Don Lemon decided to take to the streets and lecture everyday Americans on immigration law — only to be privately schooled by the very people he apparently thinks he represents. During a man-on-the-street segment he insisted that crossing the border illegally “isn’t a criminal act” and even tried to downplay it as a mere misdemeanor, a line that collapsed under simple questions from his interview subjects. The clip has since become yet another humiliating footnote in the catalog of media elites talking down to ordinary citizens.
The exchange was painfully clear: Lemon’s attempt to recast illegal entry as something other than a crime was met with incredulity and pointed pushback from a woman and a man on the street who understood the difference between rules and the rule of law. He stumbled through distinctions about levels of offense while the people he interviewed pressed him on common-sense consequences and why charges matter if something isn’t a crime. That public rebuke ought to remind every journalist that real Americans aren’t impressed by performative lectures from CNN alumni.
Dave Rubin didn’t let the moment pass unnoticed; he put the clip into his Direct Message segment and ripped into Lemon’s smugness, using the exchange as proof that the coastal media class is out of touch with working people’s concerns about law, order, and sovereignty. Rubin’s take — shared on The Rubin Report podcast and YouTube channels — framed the incident as symptomatic of a broader contempt from the left for immigration enforcement and public safety. When a media figure can’t even get simple legal basics right on camera, it’s no surprise the public’s faith in those institutions is collapsing.
Let’s be blunt: this isn’t just semantic nitpicking. Conservatives believe in defending the rule of law, securing borders, and protecting the citizens who pay taxes and obey rules while watching a flood of people exploit loopholes. Media celebrities dismissing legal distinctions as “just rules” is part of the toxic arrogance that treats the public as an audience for lectures rather than citizens demanding accountability. This kind of condescension fuels the anger Americans feel when Washington and the press reward lawlessness with moral lectures instead of solutions.

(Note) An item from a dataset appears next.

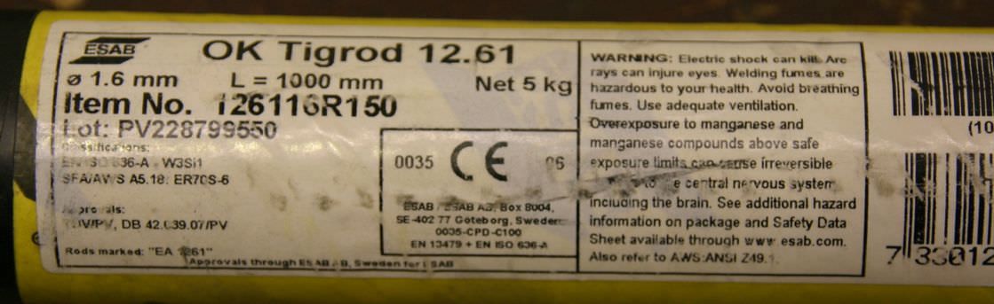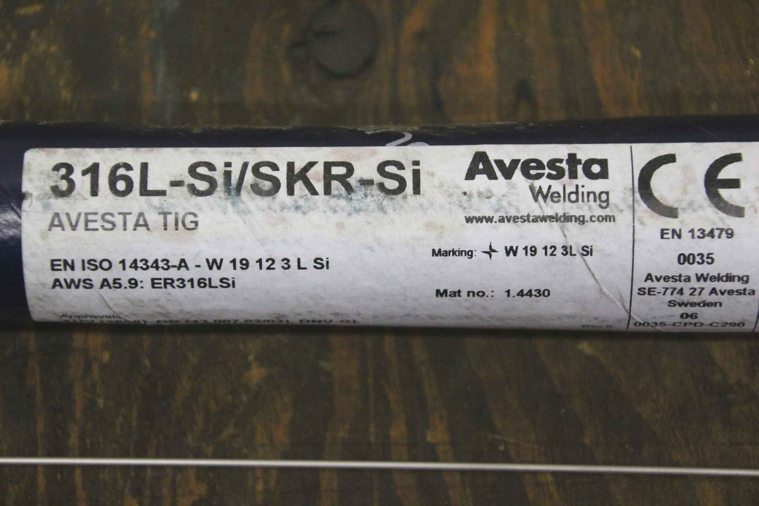 TIG welding rod, welding wire-Manufacturer: Avesta -Type: 316L-Si/SKR-Si Ø 1.6 x 1000 mm -Mat.no.: 1.4430 W 19 12 3L Si -Dimension package: Ø 42 x 1010 mm -Weight: 5.1 kg

The legal reality is straightforward and undercuts Lemon’s soft-pedaling: unlawful entry between ports of entry is criminalized under federal law and is typically prosecuted as a misdemeanor on first offense, with harsher penalties for reentry after removal. There’s a reason statutes and penalties exist — they’re a deterrent and a tool for enforcement that can’t be papered over by rhetorical gymnastics on a livestream. Reporting and commentary that ignores statutes in favor of feel-good narratives about open borders does a disservice to national security and the rule of law.
This episode should be a wake-up call for conservative voters: demand more than moralizing from media figures and demand real policy fixes from our leaders. We need border control, enforcement of existing law, and an immigration system that rewards assimilation and merit rather than rewarding those who flout the rules. When journalists like Lemon try to gaslight the public about what is and isn’t a crime, patriots must push back loudly and insist our laws matter.
Finally, hold the media to account. The next time a pundit tries to tell you that illegal entry is “not a crime” or that consequences are optional, remember this clip and the people who put him in his place. Everyday Americans know that laws that are not enforced are invitations to chaos, and until our leaders and reporters stop normalizing border neglect, conservatives will keep making the case for safety, sovereignty, and common sense enforcement.